When she wished to obtain something from her
husband, or drive him the way she thought best, she would buzz round him
in her grasshopper fashion, stinging him on all sides, and returning
to the charge a hundred times until he yielded almost unconsciously. He
felt, moreover, that she was shrewder than he, and tolerated her advice
fairly patiently. Felicite, more useful than the coach fly, would
sometimes do all the work while she was thus buzzing round Pierre's
ears. Strange to say, the husband and wife never accused each other
of their ill-success.
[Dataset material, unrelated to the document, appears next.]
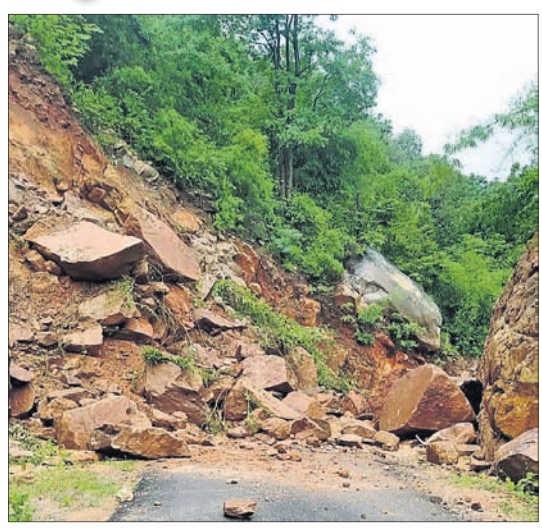
ଗଞ୍ଜାମ ଜିଲ୍ଲାର ଚାହୁଁବାସି ଓ ଚିରିଆବାଡ଼ ମଧ୍ୟସ୍ଥଳରେ ପାହାଡ଼ ଧସିପଡ଼ିଛି।

ପରେ ଆଉ କେତେକ ମଧ୍ୟ ସୁରକ୍ଷିତ ସ୍ଥାନକୁ ନିଆଯାଇଛି। ସୋମବାର ରକ୍ଷା ଖାତ୍ୟ ପ୍ରଦାନ କରାଯାଇଛି। ବୁଲୁ ଜିଲ୍ଲାର ବିଭିନ୍ନ ନଦୀରେ ବନ୍ୟାଜଳ ପ୍ରବାହ ହେଉଛି। ପାହାଡ଼ରୁ ବୁଲୁ ପାହାଡ଼ ଉପରେ ଥିବା ଆକୂଳି, ବୁରାଗାଳ, ବୁଝା ପଞ୍ଚାୟତର ଅଧିକାଂଶ ଗ୍ରାମରେ ବାଦଲଫଟା ବର୍ଷା ହୋଇଛି। ଏଲଗଲ, ବଣିଆବସା, ବେହେରାପୁର, ମାଡୁଆପୁର, ଉପରବୁରାଗାଳ, ବାଦୁଆ, କୁରଗଡ଼, ଯୋବାଲିକି, ଅଣ୍ଡାଆଳି ଆଦି ଗ୍ରାମରେ ବର୍ଷା ପାଣି ପଶି ଆଦିବାସୀଙ୍କୁ ଆତଙ୍କିତ କରିଛି।

The only bone of contention between them was the
education lavished on their children.
The Revolution of 1848 found all the Rougons on the lookout, exasperated
by their bad luck, and disposed to lay violent hands on fortune if ever
they should meet her in a byway. They were a family of bandits lying in
wait, ready to rifle and plunder. Eugene kept an eye on Paris; Aristide
dreamed of strangling Plassans; the mother and father, perhaps the most
eager of the lot, intended to work on their own account, and reap
some additional advantage from their sons' doings. Pascal alone, that
discreet wooer of science, led the happy, indifferent life of a lover in
his bright little house in the new town.

CHAPTER III
In that closed, sequestered town of Plassans, where class distinction
was so clearly marked in 1848, the commotion caused by political events
was very slight. Even at the present day the popular voice sounds very
faintly there; the middle classes bring their prudence to bear in the
matter, the nobility their mute despair, and the clergy their shrewd
cunning.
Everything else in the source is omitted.